_THE TASK_. What is needed is an exact copy of the lines in the entries below from the one holding "Set Manicura De" through the one holding "Fresh Beet Hummus", pictures excluded.

_DATA TO PROCESS_.
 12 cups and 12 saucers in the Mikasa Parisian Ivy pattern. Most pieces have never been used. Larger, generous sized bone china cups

==

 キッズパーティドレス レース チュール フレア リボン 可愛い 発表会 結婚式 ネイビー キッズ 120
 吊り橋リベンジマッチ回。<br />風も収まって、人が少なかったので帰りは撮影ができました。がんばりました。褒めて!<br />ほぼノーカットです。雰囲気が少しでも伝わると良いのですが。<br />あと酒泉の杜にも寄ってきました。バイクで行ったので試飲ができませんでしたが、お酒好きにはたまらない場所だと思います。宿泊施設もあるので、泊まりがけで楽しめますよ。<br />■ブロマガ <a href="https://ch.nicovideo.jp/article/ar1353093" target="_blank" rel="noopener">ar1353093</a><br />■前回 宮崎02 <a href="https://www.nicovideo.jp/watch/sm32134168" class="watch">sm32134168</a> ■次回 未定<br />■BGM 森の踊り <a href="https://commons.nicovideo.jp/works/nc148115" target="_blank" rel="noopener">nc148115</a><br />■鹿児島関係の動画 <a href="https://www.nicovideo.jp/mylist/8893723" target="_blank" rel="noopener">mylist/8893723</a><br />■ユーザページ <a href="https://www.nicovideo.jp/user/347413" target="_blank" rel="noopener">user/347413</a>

==

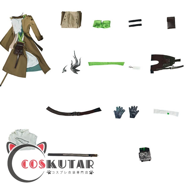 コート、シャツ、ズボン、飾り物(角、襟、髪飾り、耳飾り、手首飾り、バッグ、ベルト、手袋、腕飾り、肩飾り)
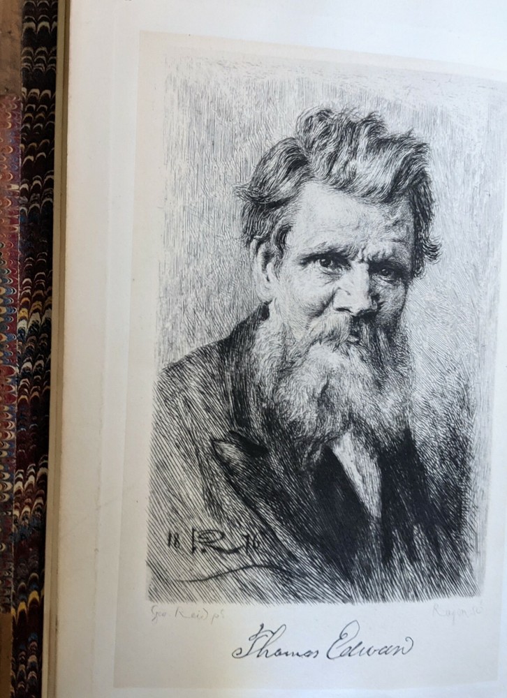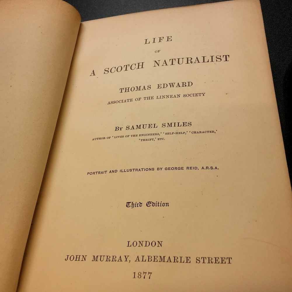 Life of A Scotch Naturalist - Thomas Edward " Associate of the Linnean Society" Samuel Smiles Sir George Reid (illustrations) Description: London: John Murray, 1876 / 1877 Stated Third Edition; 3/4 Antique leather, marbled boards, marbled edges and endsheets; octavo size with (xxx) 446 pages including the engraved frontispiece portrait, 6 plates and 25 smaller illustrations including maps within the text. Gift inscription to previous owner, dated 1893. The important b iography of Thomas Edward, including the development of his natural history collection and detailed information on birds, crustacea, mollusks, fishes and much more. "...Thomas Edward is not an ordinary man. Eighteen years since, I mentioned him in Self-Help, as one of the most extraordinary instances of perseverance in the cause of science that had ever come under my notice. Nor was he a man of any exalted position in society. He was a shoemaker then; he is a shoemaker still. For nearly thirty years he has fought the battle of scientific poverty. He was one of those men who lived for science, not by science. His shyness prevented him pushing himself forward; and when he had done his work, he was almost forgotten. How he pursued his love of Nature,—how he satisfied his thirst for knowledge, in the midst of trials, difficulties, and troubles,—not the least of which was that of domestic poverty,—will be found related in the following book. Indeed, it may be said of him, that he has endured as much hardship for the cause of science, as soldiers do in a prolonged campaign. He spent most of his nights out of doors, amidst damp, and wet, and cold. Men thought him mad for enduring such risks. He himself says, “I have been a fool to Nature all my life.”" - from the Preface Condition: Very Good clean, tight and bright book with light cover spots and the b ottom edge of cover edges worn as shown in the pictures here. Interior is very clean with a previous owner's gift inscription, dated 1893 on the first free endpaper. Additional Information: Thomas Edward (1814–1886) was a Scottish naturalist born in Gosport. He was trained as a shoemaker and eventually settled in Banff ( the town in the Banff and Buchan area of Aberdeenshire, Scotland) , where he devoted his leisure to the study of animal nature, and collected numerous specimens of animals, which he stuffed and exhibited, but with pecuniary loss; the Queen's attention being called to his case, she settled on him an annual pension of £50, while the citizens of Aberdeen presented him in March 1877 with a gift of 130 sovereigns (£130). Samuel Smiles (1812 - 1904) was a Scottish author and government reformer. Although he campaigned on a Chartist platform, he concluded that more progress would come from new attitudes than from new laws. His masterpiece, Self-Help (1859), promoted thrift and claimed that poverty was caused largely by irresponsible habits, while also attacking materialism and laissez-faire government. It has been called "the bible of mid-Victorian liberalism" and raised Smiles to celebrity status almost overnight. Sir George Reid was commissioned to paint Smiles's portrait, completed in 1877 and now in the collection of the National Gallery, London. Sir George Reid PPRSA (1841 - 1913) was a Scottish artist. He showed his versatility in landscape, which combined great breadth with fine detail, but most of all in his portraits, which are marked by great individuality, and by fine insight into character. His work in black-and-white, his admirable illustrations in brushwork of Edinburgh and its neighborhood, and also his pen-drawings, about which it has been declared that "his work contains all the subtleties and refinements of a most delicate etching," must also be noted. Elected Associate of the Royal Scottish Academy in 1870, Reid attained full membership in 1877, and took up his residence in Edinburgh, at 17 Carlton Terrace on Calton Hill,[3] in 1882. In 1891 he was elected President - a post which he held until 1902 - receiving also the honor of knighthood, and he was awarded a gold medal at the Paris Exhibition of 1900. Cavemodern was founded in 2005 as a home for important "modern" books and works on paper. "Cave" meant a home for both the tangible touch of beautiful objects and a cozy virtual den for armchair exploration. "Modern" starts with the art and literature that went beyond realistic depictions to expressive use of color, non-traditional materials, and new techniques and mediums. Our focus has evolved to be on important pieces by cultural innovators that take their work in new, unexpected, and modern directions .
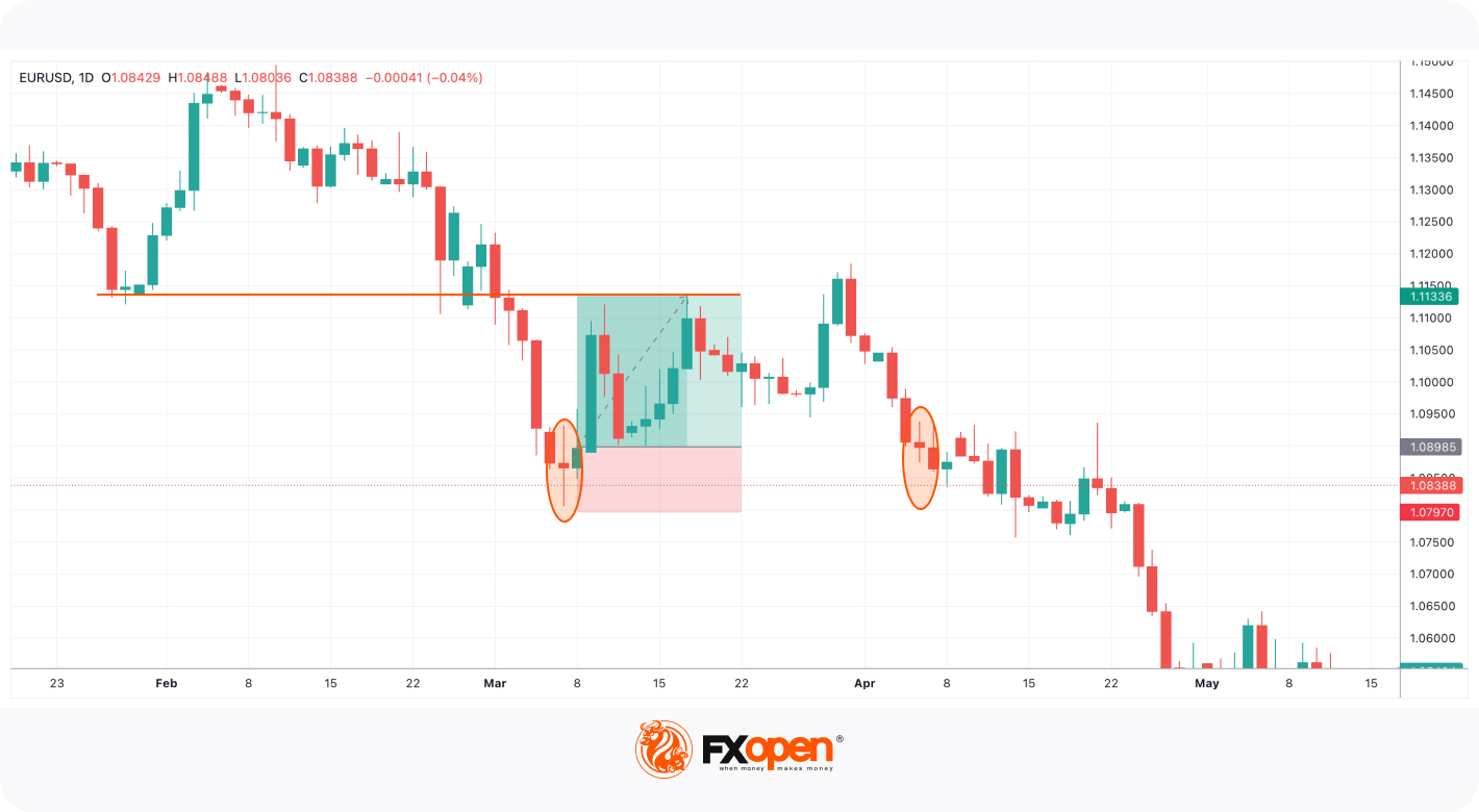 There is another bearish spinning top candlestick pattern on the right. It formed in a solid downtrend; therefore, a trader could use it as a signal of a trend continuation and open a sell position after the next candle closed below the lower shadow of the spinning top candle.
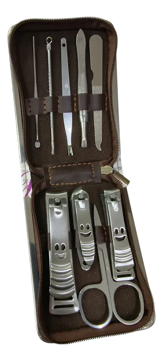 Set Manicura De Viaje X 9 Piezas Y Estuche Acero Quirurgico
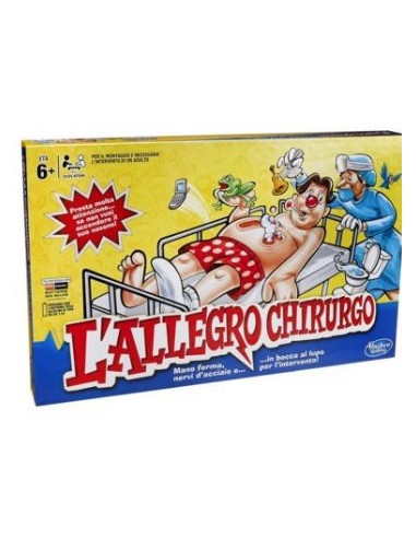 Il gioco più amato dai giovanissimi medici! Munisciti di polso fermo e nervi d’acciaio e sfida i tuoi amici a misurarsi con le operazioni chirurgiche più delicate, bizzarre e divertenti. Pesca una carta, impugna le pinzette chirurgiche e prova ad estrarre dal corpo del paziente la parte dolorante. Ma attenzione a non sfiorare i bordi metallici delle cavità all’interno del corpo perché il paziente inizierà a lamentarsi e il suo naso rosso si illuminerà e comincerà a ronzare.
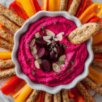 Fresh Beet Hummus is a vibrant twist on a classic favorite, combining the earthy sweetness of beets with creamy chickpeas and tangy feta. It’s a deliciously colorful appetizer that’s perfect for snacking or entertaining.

_EXPECTED OUTPUT_.
 Set Manicura De Viaje X 9 Piezas Y Estuche Acero Quirurgico
 Il gioco più amato dai giovanissimi medici! Munisciti di polso fermo e nervi d’acciaio e sfida i tuoi amici a misurarsi con le operazioni chirurgiche più delicate, bizzarre e divertenti. Pesca una carta, impugna le pinzette chirurgiche e prova ad estrarre dal corpo del paziente la parte dolorante. Ma attenzione a non sfiorare i bordi metallici delle cavità all’interno del corpo perché il paziente inizierà a lamentarsi e il suo naso rosso si illuminerà e comincerà a ronzare.
 Fresh Beet Hummus is a vibrant twist on a classic favorite, combining the earthy sweetness of beets with creamy chickpeas and tangy feta. It’s a deliciously colorful appetizer that’s perfect for snacking or entertaining.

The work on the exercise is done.